Ca10(PO4)6(OH)2 + xCd2+ → (Cdx,Ca10−x)(PO4)6(OH)2 + xCa2+ (1)

Precipitation as metal phosphates has also been proved to be a main mechanism in immobilizing metals, such as Cd, Pb, and Zn, by P compounds (Table 4.8). McGowen et al. (2001) have examined the immobilization of As, Cd, Pb, and Zn in a smelter-contaminated soil using DAP. Application of high levels of DAP at a rate of 2300 mg P kg−1 was effective in immobilizing Cd, Pb, and Zn in the contaminated soil.

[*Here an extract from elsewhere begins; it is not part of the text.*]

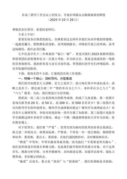 / 领导讲话:20251030在高三教学工作会议上的发言:号角长鸣凝众志精准施策创辉煌

Others have also shown that Cd3(PO4)2 can control Cd solubility in P-sufficient soils or soils amended with P (Hong et  al., 2010b; Santillan-Medrano and Jurinak, 1975; Street et al., 1978). However, because the solubility of Cd3(PO4)2 is too high to control the concentration of Cd in soils, it is unlikely this solid phase can play a significant role in the immobilization of Cd (Bolland et  al., 1977; Soon, 1981; Xiong, 1995, Table 4.8).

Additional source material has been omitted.